We’re All Swedish

Hi, Gerhard here, creator of the Jack McMorrowsson mystery series. It’s about an ex-Göteborgs-Posten reporter exiled to the northern city of Ostersund, where he chases stories and gets involved with a host of nefarious Swedish criminals. Ostersund is a very gray city, where it snows six months a year and everyone drinks strong coffee and the police drive sturdy Volvos. If you liked The Girl with the Dragon Tattoo, you’ll love the McMorrowsson novels. As you know, there’s nothing like a Swedish crime novel for topping the bestseller lists.

Just kidding, of course. But I’ve got to say, watching the Stieg Larsson phenomenon over the past few years has had me wishing I’d spent some time in Stockholm. Or at least my protagonists had.

It’s interesting just how fascinated the world is with Swedish crime. This is particularly notable because Sweden really doesn’t have an inordinate amount of criminals. It does have good writers and a tradition of character-driven crime novels where the plot is often secondary to the investigators’ ruminations on life. My kind of books.

As I write this, I’ve turned in my chair to the study bookshelf. There, on the shelf of honor, are books by a couple of writers who may be considered the founders of the tradition, or at least close to it. Beginning in the 1960s, Maj Sjowell and Per Wahloo co-wrote 10 mysteries starring a Swedish cop named Martin Beck. Beck has issues, to say the least. But readers like me found they just delighted in being in his company.

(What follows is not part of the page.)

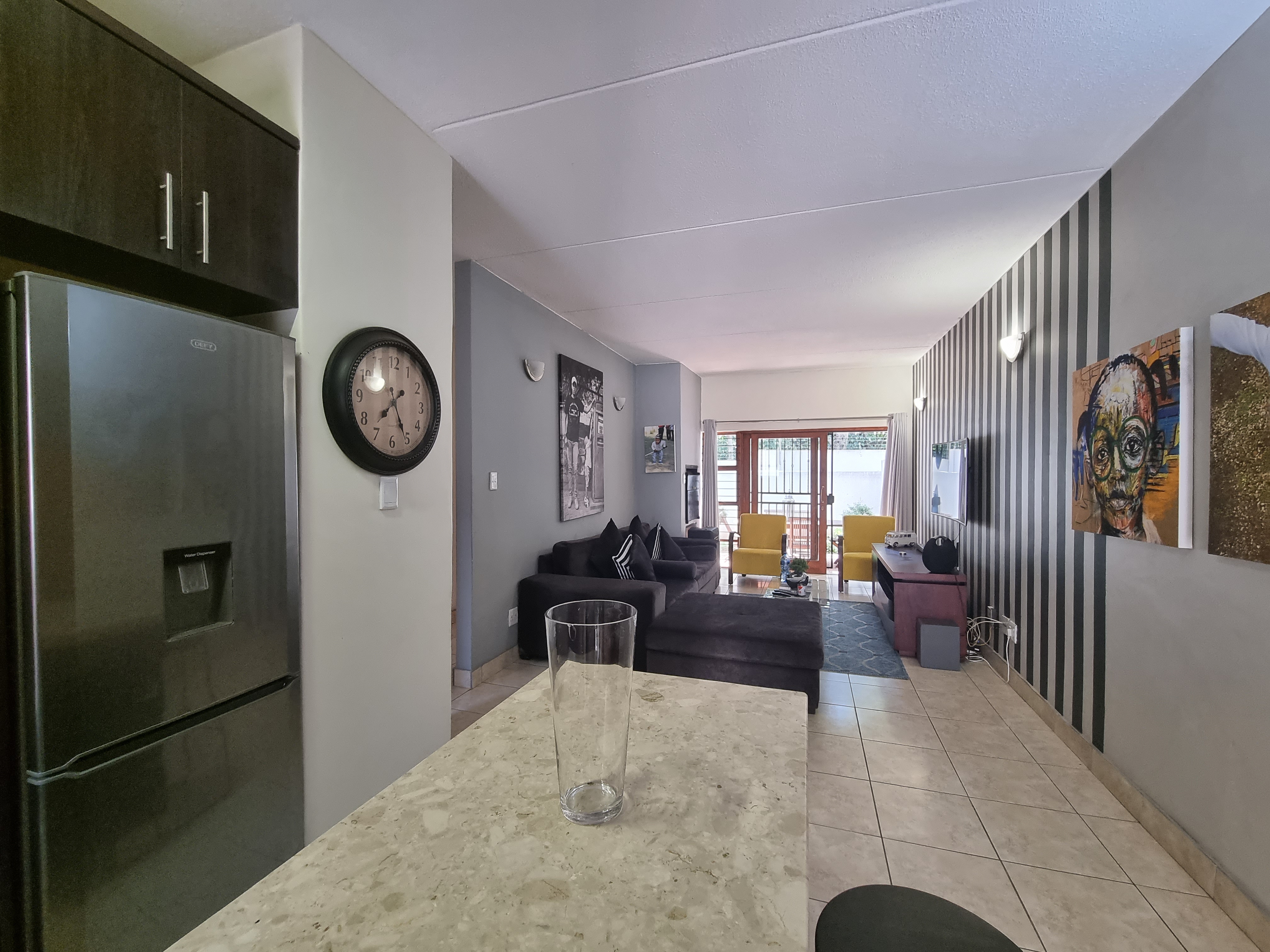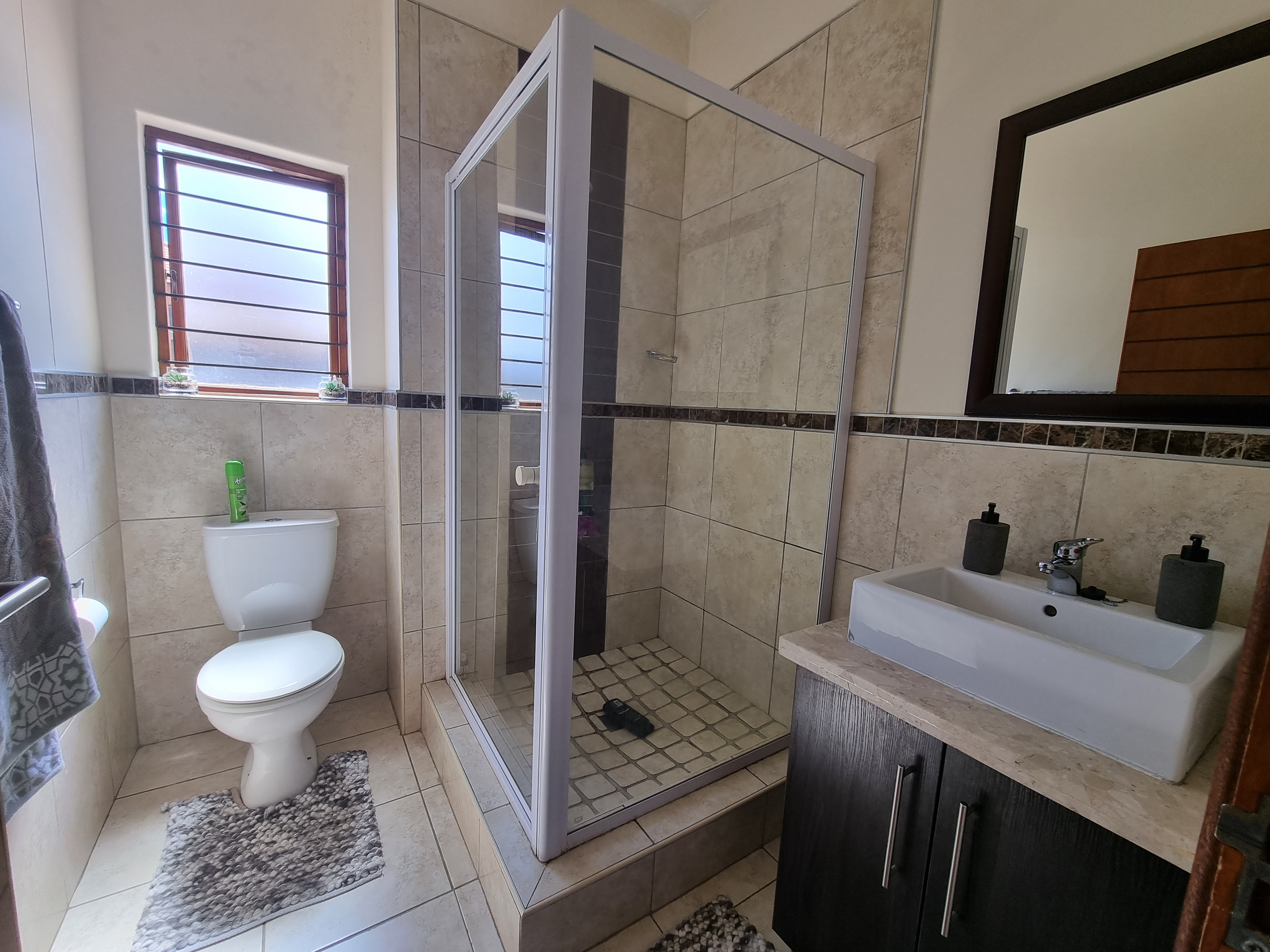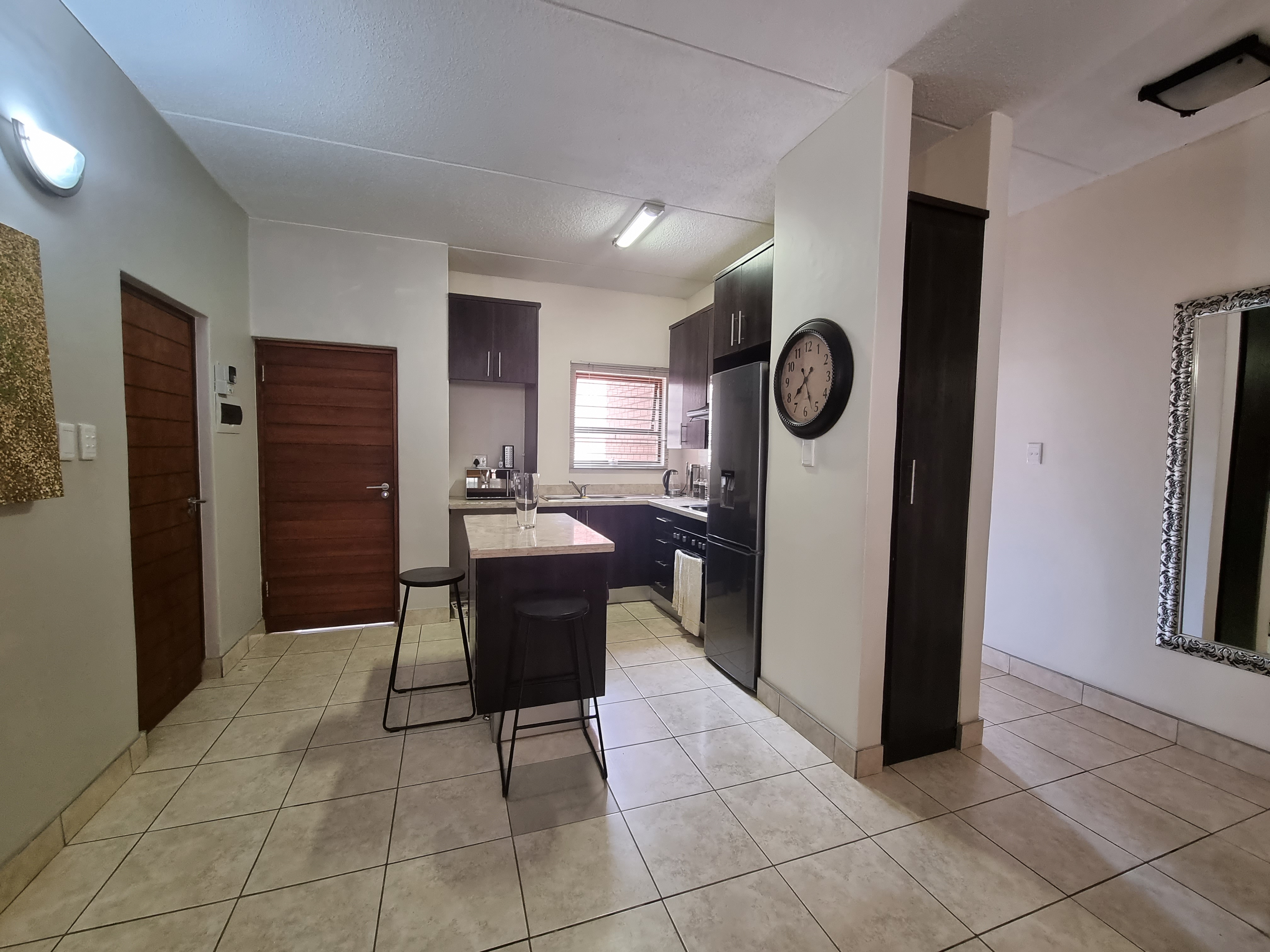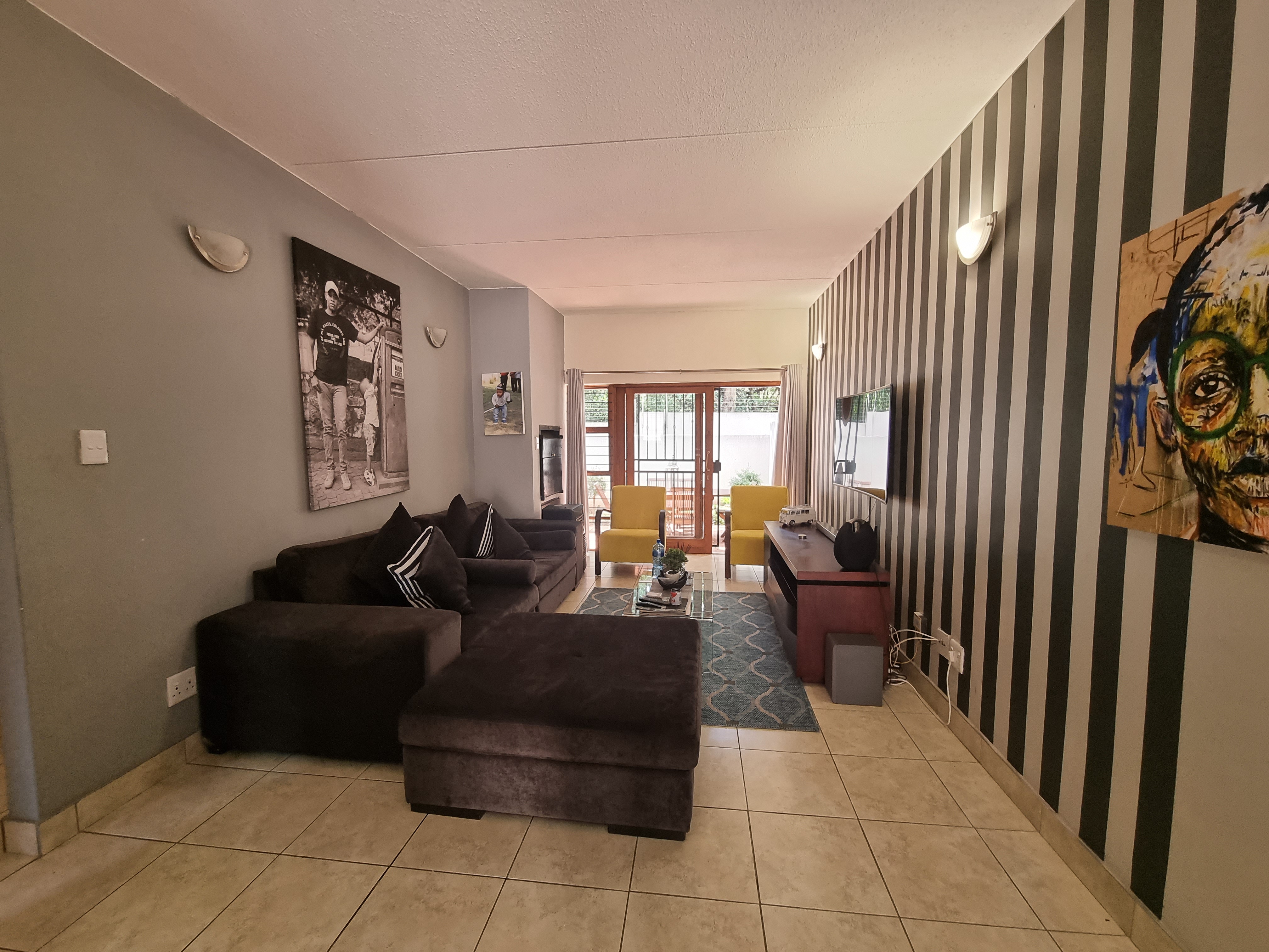 this gem offers douple carport parking and a spacious, private & well maintained garden. The Entertainment area in the Estate also offers fenced swimming pools, a braai area with built-in braais as well as braais on the grass next to the Clubhouse. With ample paved walkways with benches along the routes. Included is a Jungle Gyms and Swings adjacent the swimming pool area. With approximately 4 km of tar road within BLUE STREAM VILLAS as well as paved sidewalks you can enjoy taking a jog or cycling within the safety of the Estate. Excellent 24-hour security

I’ve just reached for The Fire Engine That Disappeared, the fifth in the series. The opening chapter is masterfully done, with lovely sketches of hapless characters, both minor and major, and a riveting lead-up to the event that launches the plot: a massive explosion in a Stockholm apartment. It’s a great book, as are The Man Who Went Up in Smoke, The Laughing Policeman, The Locked Room. They’re brief by Stieg Larsson standards, but like the best of the genre, stay with you for years.

At least they have with me, though sometimes I feel like a bit of a dinosaur. At a book event last week, I was asked what writers were influences on my work. I hesitated before mentioning John D. MacDonald, who was writing before many of the people in the room were born. But then someone came up to chat afterwards and said, “Have you read Maj Sjowell?” “And Per Wahloo,” I said. That conversation was a highlight of my night.

So my point here (ah, yes, the point) is simple. When you read a crime novel off the bestseller list, don’t forget the crime writers who paved the way. Some of the writers of an earlier generation, whose name aren’t and weren’t ever household words, were masters of their craft.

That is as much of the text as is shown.